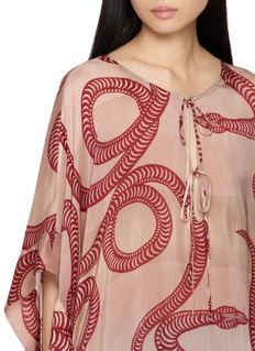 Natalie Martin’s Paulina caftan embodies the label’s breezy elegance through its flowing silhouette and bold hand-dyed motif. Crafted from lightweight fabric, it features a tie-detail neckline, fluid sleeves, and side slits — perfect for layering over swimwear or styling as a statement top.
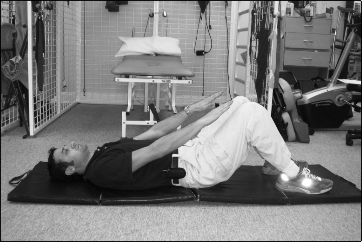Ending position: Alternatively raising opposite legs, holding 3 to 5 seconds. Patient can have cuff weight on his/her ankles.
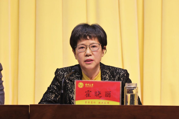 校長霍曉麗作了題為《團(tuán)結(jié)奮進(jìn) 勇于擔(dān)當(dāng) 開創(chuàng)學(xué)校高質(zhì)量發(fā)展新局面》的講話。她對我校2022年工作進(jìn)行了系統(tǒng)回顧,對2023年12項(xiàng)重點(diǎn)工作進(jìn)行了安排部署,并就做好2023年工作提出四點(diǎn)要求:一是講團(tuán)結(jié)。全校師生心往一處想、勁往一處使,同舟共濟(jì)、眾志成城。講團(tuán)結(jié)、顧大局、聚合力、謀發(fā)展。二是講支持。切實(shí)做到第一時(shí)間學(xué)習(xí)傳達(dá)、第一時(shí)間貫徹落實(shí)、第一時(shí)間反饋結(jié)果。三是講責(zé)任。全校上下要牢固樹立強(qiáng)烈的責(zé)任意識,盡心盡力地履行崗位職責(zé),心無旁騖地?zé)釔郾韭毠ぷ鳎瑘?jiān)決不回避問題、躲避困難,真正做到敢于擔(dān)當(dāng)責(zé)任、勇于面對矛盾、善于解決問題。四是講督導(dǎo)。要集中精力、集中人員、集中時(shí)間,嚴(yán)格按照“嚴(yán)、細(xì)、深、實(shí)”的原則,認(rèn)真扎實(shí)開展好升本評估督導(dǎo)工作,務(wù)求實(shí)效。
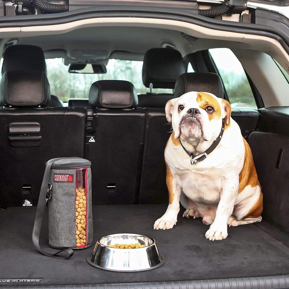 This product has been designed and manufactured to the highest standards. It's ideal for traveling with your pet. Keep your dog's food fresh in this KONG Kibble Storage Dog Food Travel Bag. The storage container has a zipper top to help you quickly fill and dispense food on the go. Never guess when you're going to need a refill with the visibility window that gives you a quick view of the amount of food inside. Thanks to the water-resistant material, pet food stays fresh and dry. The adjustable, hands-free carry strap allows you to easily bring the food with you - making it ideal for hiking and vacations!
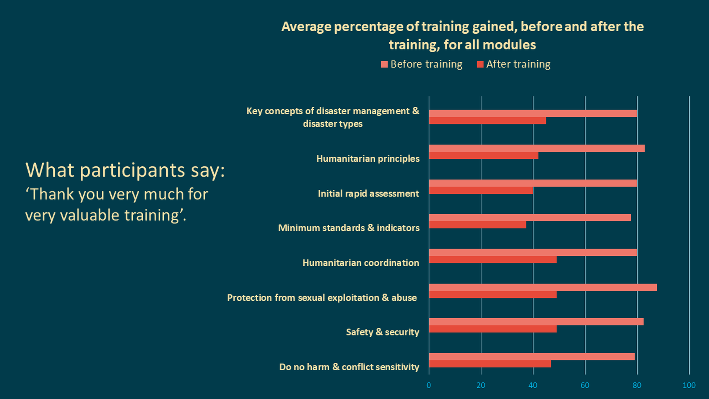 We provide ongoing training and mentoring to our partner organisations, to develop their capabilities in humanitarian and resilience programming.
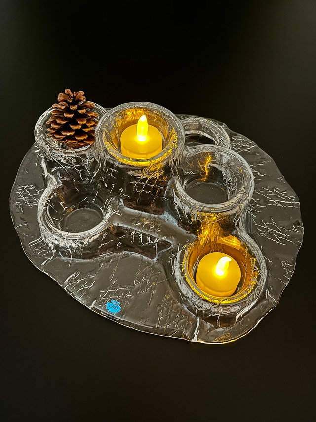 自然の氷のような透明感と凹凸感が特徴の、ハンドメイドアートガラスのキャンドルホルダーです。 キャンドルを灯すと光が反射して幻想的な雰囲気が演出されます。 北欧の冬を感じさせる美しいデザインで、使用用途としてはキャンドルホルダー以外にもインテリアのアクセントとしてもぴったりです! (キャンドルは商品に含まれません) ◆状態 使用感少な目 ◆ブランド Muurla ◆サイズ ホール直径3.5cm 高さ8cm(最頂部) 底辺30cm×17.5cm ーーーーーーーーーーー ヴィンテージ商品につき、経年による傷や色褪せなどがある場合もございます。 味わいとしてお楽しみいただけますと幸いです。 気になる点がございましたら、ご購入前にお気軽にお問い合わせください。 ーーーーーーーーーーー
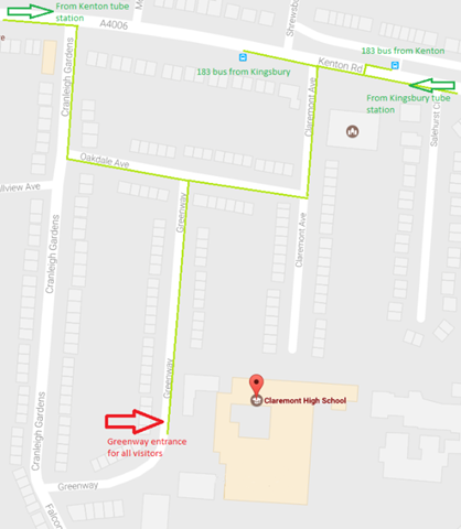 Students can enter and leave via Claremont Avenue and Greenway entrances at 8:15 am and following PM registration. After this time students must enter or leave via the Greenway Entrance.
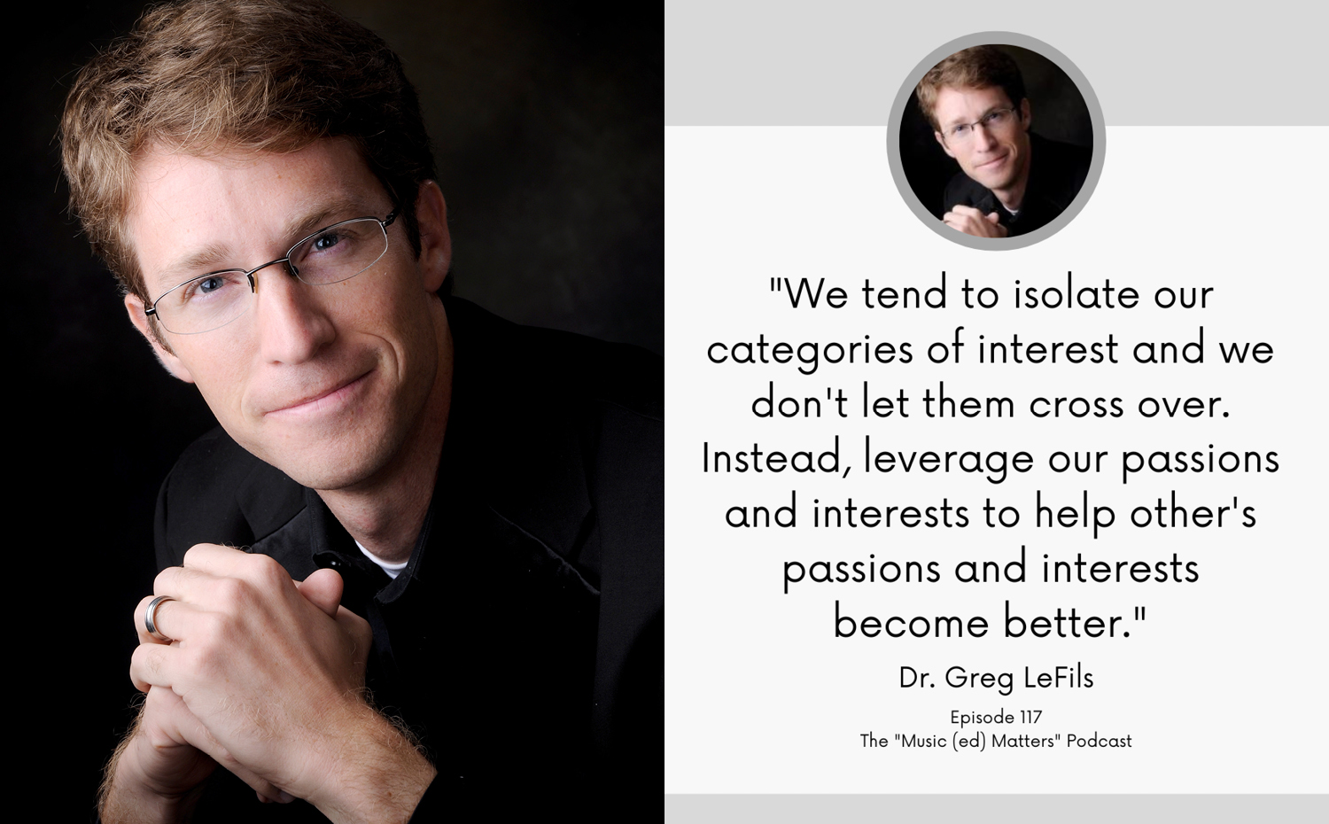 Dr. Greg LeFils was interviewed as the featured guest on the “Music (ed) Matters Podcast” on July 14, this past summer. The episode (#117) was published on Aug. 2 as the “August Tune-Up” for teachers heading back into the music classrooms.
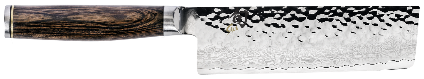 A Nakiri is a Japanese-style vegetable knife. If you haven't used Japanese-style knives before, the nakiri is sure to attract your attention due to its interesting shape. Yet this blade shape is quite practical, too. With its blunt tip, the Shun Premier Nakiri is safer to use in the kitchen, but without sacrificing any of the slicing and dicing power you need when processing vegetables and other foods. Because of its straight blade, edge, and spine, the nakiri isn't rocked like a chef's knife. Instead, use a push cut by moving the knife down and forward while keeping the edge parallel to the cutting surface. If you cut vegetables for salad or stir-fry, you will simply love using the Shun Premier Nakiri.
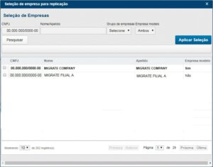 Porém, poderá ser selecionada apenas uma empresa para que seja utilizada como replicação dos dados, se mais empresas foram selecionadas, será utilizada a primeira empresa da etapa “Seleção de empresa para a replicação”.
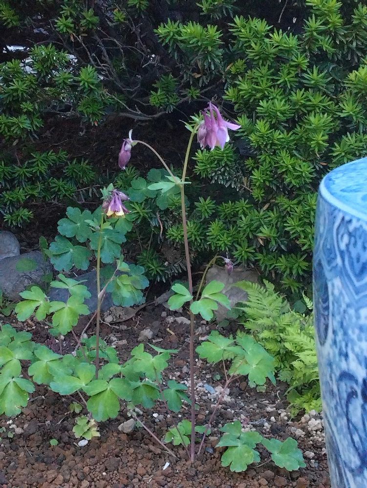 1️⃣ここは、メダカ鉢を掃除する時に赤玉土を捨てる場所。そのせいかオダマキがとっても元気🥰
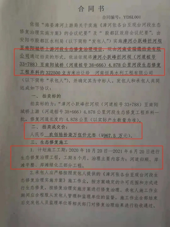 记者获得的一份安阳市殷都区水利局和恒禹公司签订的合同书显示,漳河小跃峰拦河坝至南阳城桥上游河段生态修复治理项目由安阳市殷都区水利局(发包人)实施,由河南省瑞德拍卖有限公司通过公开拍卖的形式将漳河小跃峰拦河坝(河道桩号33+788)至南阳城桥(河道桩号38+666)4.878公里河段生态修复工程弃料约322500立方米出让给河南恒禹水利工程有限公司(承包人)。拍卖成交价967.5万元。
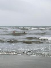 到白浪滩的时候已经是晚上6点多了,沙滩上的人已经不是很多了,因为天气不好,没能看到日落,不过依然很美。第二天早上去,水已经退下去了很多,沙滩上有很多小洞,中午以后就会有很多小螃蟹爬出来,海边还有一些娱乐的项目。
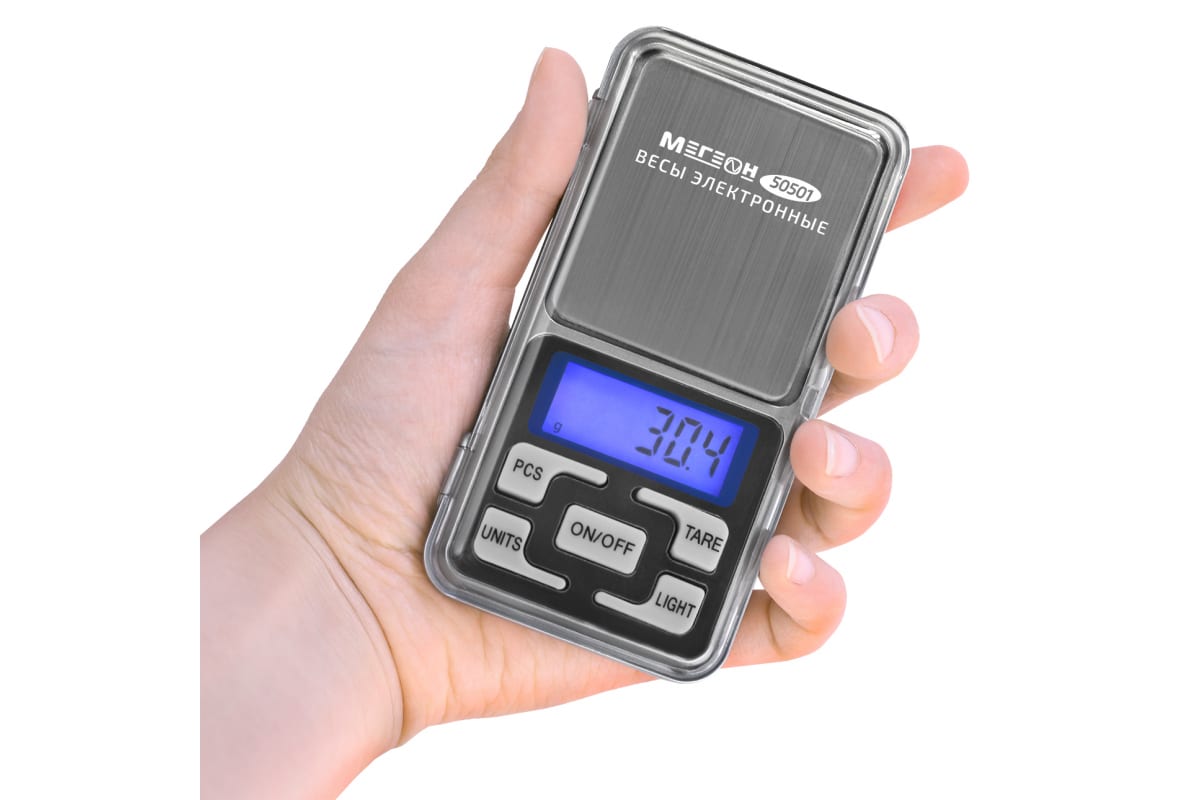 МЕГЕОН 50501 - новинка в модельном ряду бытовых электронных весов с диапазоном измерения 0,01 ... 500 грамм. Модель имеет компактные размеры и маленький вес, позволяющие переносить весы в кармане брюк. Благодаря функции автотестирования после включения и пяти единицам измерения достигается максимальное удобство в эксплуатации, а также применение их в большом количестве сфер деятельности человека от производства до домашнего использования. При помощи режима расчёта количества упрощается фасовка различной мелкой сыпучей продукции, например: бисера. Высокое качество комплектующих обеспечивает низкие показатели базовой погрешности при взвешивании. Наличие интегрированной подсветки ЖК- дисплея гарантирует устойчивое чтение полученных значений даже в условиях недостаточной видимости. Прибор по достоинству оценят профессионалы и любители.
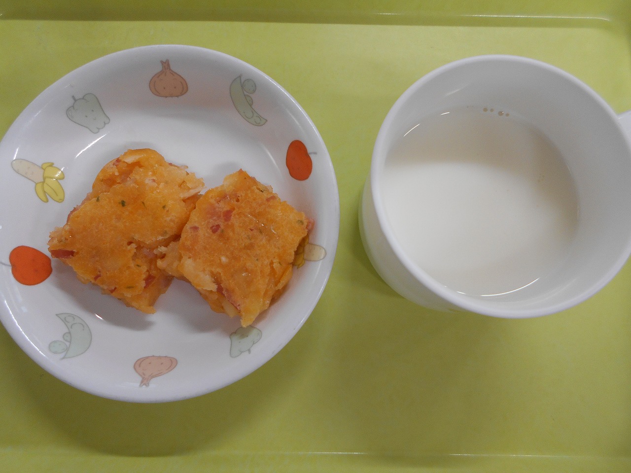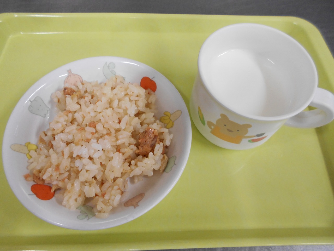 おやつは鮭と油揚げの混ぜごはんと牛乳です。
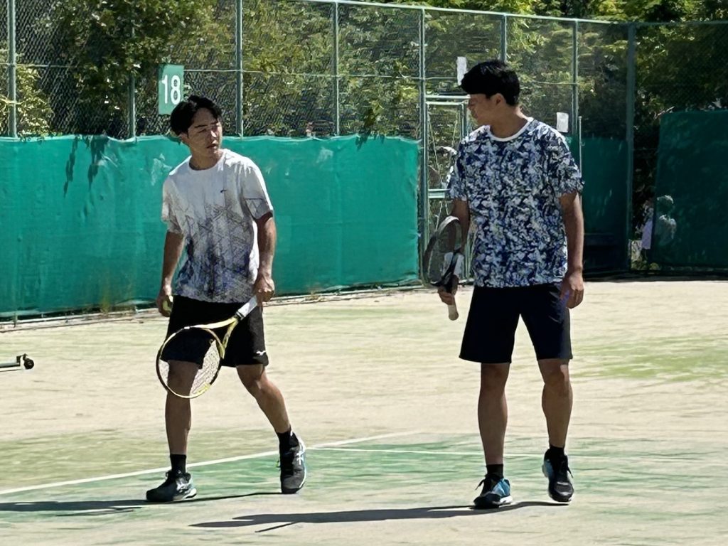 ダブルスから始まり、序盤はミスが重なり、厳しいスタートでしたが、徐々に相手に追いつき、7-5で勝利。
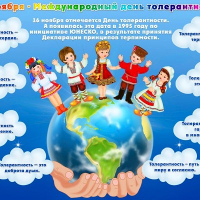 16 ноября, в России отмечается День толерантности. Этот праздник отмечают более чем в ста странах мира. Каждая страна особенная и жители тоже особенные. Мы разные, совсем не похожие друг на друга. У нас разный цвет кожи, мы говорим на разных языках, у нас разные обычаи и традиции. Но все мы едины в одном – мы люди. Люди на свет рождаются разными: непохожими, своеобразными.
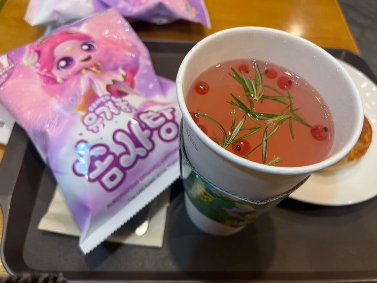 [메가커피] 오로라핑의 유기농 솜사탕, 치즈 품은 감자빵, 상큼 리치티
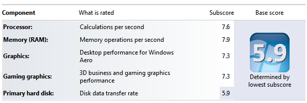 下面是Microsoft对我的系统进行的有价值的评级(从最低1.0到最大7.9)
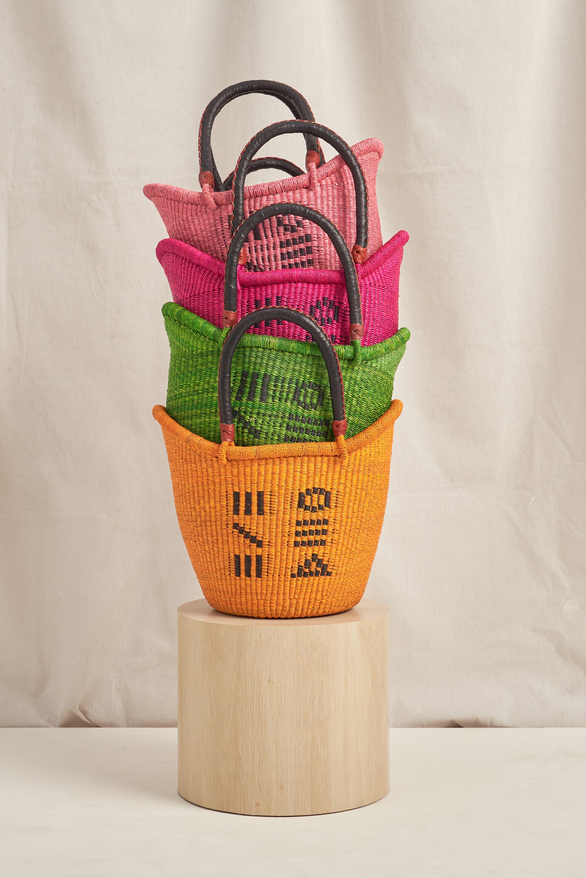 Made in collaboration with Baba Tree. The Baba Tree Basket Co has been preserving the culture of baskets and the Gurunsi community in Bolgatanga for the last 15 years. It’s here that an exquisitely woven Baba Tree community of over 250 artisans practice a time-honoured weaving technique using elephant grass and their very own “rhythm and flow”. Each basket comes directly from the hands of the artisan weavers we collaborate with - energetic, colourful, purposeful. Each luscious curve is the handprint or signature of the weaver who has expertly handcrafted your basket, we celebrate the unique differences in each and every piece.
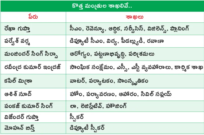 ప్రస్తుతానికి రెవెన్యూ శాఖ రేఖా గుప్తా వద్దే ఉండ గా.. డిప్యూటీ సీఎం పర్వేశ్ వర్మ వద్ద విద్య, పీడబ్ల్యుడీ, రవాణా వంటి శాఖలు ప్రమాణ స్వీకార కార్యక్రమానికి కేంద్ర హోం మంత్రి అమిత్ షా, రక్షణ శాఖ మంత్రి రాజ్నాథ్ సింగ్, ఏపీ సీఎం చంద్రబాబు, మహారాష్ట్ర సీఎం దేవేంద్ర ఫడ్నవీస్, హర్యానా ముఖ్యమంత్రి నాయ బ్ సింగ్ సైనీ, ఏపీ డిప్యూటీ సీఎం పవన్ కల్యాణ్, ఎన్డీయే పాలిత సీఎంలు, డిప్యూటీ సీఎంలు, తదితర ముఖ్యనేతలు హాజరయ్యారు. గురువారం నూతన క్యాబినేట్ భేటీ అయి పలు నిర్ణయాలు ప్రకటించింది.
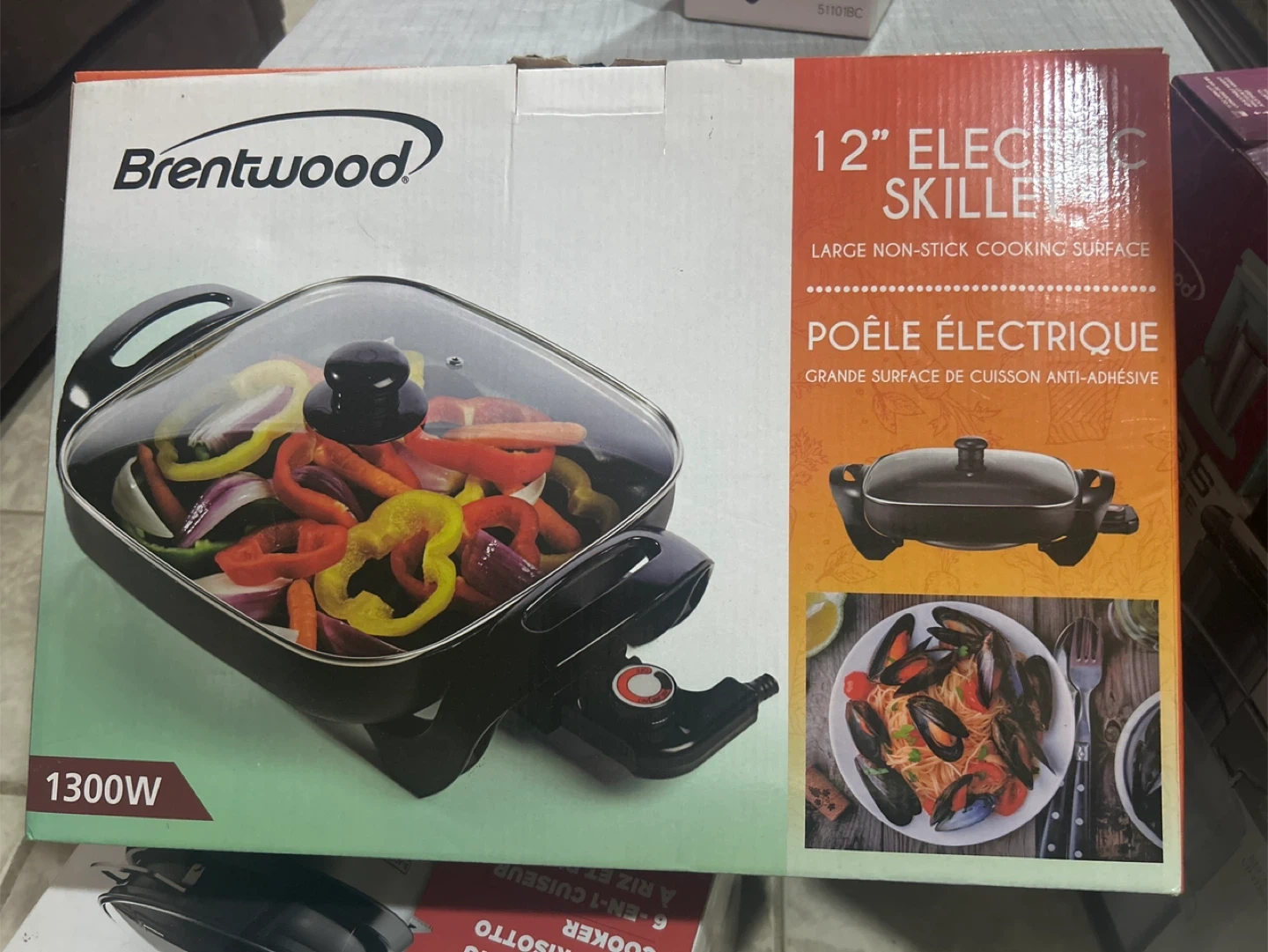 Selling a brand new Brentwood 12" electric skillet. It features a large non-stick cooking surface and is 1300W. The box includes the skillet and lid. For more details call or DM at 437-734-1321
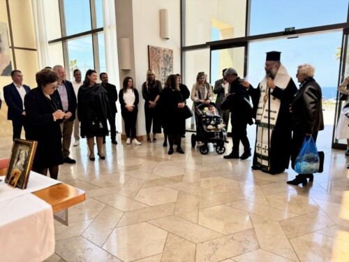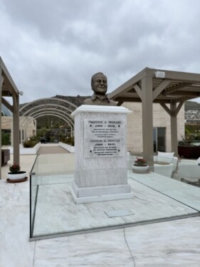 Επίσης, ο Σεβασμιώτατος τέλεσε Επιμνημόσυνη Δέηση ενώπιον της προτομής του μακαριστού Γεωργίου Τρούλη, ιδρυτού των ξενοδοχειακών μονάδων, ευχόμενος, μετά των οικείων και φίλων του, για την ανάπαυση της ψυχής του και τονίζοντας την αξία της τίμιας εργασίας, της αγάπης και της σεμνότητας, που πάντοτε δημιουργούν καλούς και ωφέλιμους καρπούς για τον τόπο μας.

**TASK INSTRUCTIONS:** All that is wanted is the lines above between the one containing "16 ноября, в" and the one containing "Made in collaboration", inclusive, restated word for word, with pictures omitted.

**ANSWER FOR THIS EXERCISE:**
 16 ноября, в России отмечается День толерантности. Этот праздник отмечают более чем в ста странах мира. Каждая страна особенная и жители тоже особенные. Мы разные, совсем не похожие друг на друга. У нас разный цвет кожи, мы говорим на разных языках, у нас разные обычаи и традиции. Но все мы едины в одном – мы люди. Люди на свет рождаются разными: непохожими, своеобразными.
 [메가커피] 오로라핑의 유기농 솜사탕, 치즈 품은 감자빵, 상큼 리치티
 下面是Microsoft对我的系统进行的有价值的评级(从最低1.0到最大7.9)
 Made in collaboration with Baba Tree. The Baba Tree Basket Co has been preserving the culture of baskets and the Gurunsi community in Bolgatanga for the last 15 years. It’s here that an exquisitely woven Baba Tree community of over 250 artisans practice a time-honoured weaving technique using elephant grass and their very own “rhythm and flow”. Each basket comes directly from the hands of the artisan weavers we collaborate with - energetic, colourful, purposeful. Each luscious curve is the handprint or signature of the weaver who has expertly handcrafted your basket, we celebrate the unique differences in each and every piece.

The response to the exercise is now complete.